Description of the task =>
Reproduce exactly the lines below from the one containing "Striped Shirt with" through the one containing "关于普通高校藏文一类模式本科第二批次文科预科录取未完成计划院校征集志愿的通知", including both, and nothing else.

Listed records =>
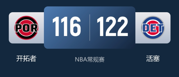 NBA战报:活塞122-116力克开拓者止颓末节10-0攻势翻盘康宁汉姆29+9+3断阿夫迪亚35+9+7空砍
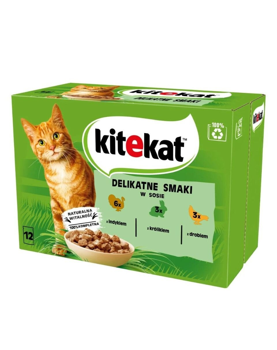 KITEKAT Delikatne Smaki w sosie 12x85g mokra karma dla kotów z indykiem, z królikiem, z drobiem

==

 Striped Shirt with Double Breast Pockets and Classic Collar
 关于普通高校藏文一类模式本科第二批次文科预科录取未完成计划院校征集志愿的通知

Result of this exercise =>
 Striped Shirt with Double Breast Pockets and Classic Collar
 关于普通高校藏文一类模式本科第二批次文科预科录取未完成计划院校征集志愿的通知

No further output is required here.